• [Problem]
Reproduce nothing beyond the line containing "80 Stück Gewinde". From the first line of the data below down to it, copy each line exactly, without the pictures.
Data provided section start
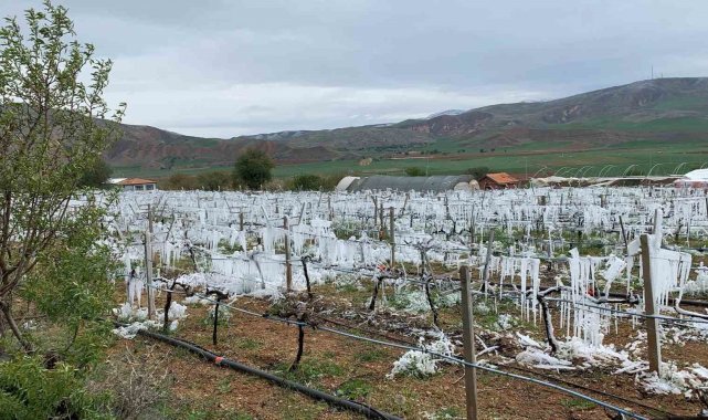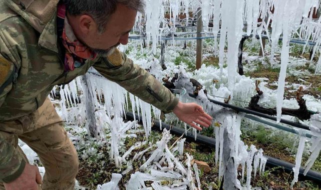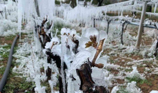 Erdem, "Dereceler -8'i gördü. Yağmurlama yaparak bağları buz haline getirip soğuktan kurtarmaya çalıştık. İnşallah yaptığımız teknik işe yarar, bağlarımız zarar görmeden bu süreci atlatırız" dedi.
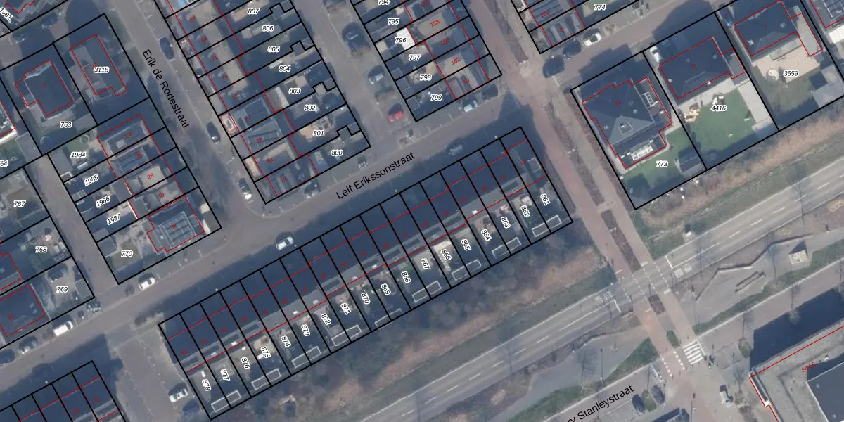 Leif Erikssonstraat 25 is gelegen op kadastraal perceel AMR04W866. Deze kadastrale aanduiding is uniek en wordt gebruikt door het Kadaster om eigendomsrechten en andere zakelijke rechten vast te leggen. Het perceel maakt onderdeel uit van de kadastrale gemeente Almere.
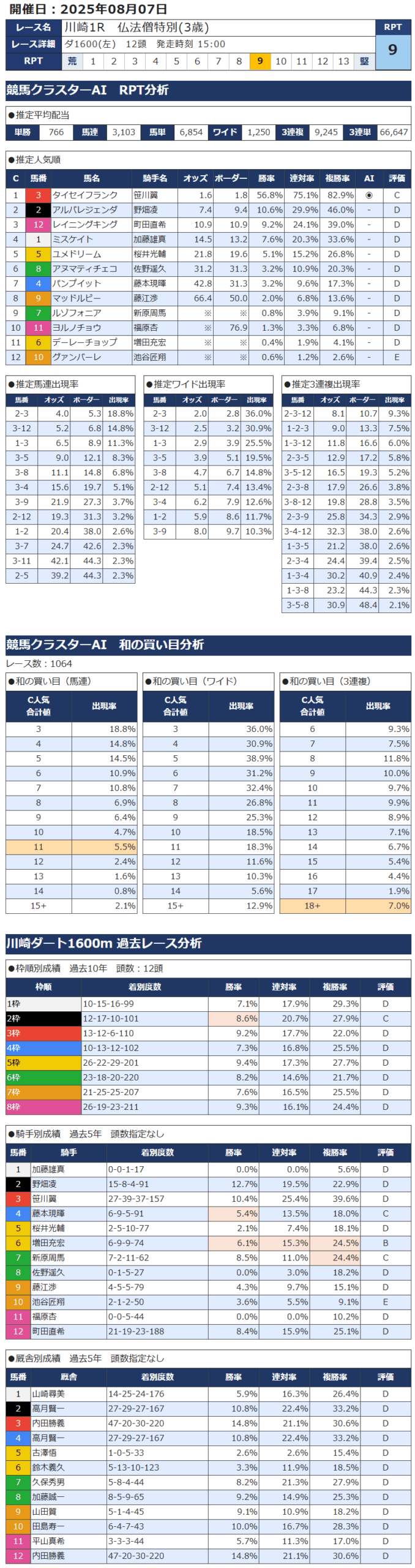 本日の無料・有料AI予想 レース情報
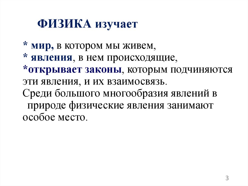 ФИЗИКА изучает* мир, в котором мы живем,
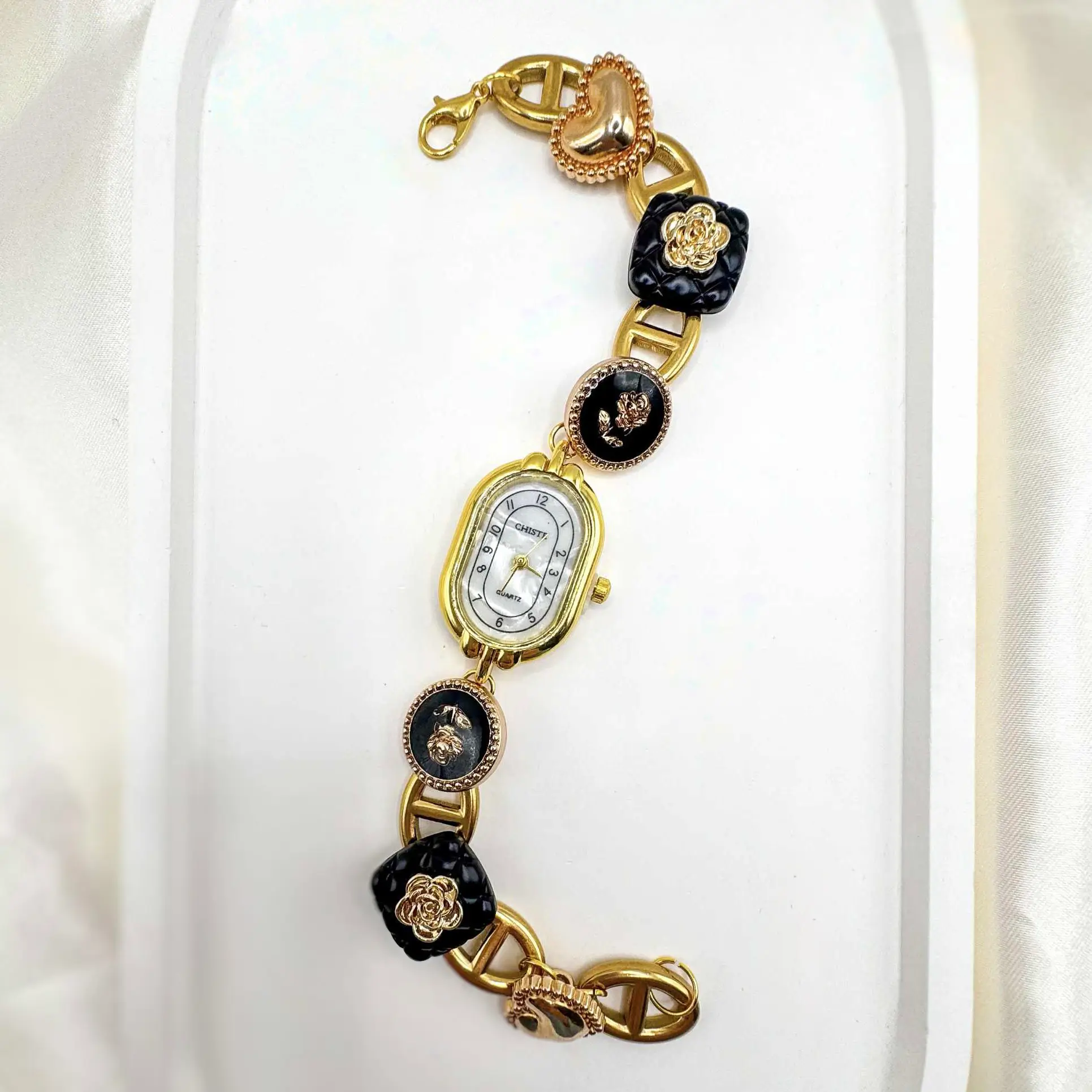 Mon objectif est de permettre à chaque femme de se sentir unique, en portant un bijou qui ne ressemble à aucun autre. C’est pourquoi chaque montre est assemblée individuellement, avec une attention particulière portée à l’harmonie des formes, des matières et des détails.
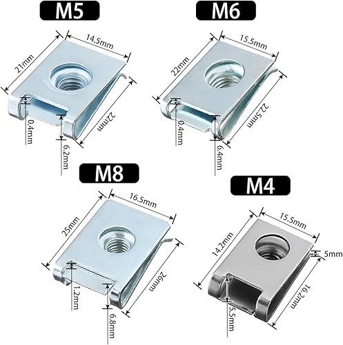 80 Stück Gewinde Clip Mutter Set, Blechmuttern,M4 M5 M6 M8 Schnappmutter Set Edelstahl Schlauchschellen Set mit Aufbewahrungsbox Flachwinkelmutter Befestigungssortiment Sortiment für Türverkleidungen
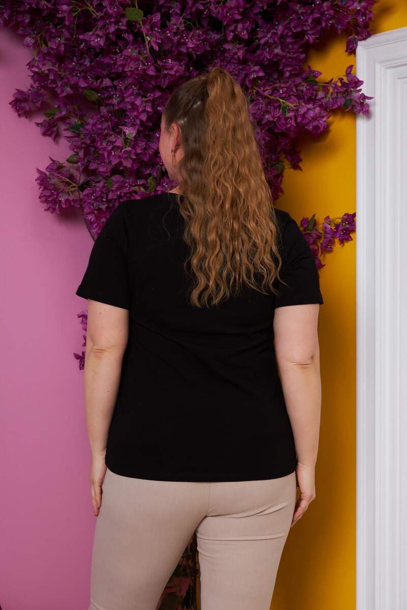 V Yaka Büyük Beden Siyah Tişört
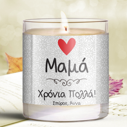 Ενα μοναδικό δώρο που θα είναι η έκπληξη της βραδιάς, Κερί σε Ποτήρι με Καρδιά Προσωποποιημένο Δώρο για την Μαμά για να εκφράσετε την αγάπη σας με ένα ξεχωριστό τρόπο.
Data provided section end
• [Solved problem]
 Erdem, "Dereceler -8'i gördü. Yağmurlama yaparak bağları buz haline getirip soğuktan kurtarmaya çalıştık. İnşallah yaptığımız teknik işe yarar, bağlarımız zarar görmeden bu süreci atlatırız" dedi.
 Leif Erikssonstraat 25 is gelegen op kadastraal perceel AMR04W866. Deze kadastrale aanduiding is uniek en wordt gebruikt door het Kadaster om eigendomsrechten en andere zakelijke rechten vast te leggen. Het perceel maakt onderdeel uit van de kadastrale gemeente Almere.
 本日の無料・有料AI予想 レース情報
 ФИЗИКА изучает* мир, в котором мы живем,
 Mon objectif est de permettre à chaque femme de se sentir unique, en portant un bijou qui ne ressemble à aucun autre. C’est pourquoi chaque montre est assemblée individuellement, avec une attention particulière portée à l’harmonie des formes, des matières et des détails.
 80 Stück Gewinde Clip Mutter Set, Blechmuttern,M4 M5 M6 M8 Schnappmutter Set Edelstahl Schlauchschellen Set mit Aufbewahrungsbox Flachwinkelmutter Befestigungssortiment Sortiment für Türverkleidungen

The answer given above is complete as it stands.